# Found Tortoise...



## FoundATortoise (Jul 25, 2008)

Hi All-

This afternoon I was suprised when someone came to my door and said hey buddy your tortoise has escaped. That came as I schol since I dont have a tortoise.

Come to find out there was some tortoise cruising around my front yard. I got worried about him being smashed by a car since he was pretty clsoe to the street. 

I have blocked him in the front yard and fed him some nappa cabagge. Good news he is eating the dandelion leaves!

So I am in Southern California about an hour east of Los Angeles. Close to Chino. What should I do? Defeintly don't want to keep him as I already have to many pets. What to do next? 

I believe from looking at the pictures he is a pretty old desert tortoise. Maybe 5 to 10 years? He is pretty big!
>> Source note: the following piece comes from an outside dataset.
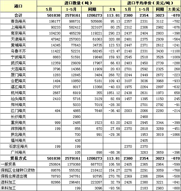 錦橋紡織網—資訊頻道> 統(tǒng)計資料>正文 2012年5月各港口棉花進口及貿易方式

Any help or contact info would be great. Don't want to call animal shelter becuase I think they will just put him down.


----------



## chelonologist (Jul 25, 2008)

You'll first want to secure the animal, perhaps in a large cardboard box, to keep him from wandering the neighborhood and getting crushed by a car or chewed on by a dog. Then you'll want to get in touch with an adoption agency, such as the California Turtle and Tortoise Club - I think there may be an Inland Empire chapter. There's a few CTTC members on this forum that will weigh in on the issue shortly - please be sure to keep checking back to this thread. They'll be able to foster the tortoise until its owners are located, or until it can be placed in a home (if the owners can't be located).


----------



## Shelly (Jul 25, 2008)

FoundATortoise said:


> This afternoon I was suprised when someone came to my door and said hey buddy your tortoise has escaped. That came as I shock since I dont have a tortoise.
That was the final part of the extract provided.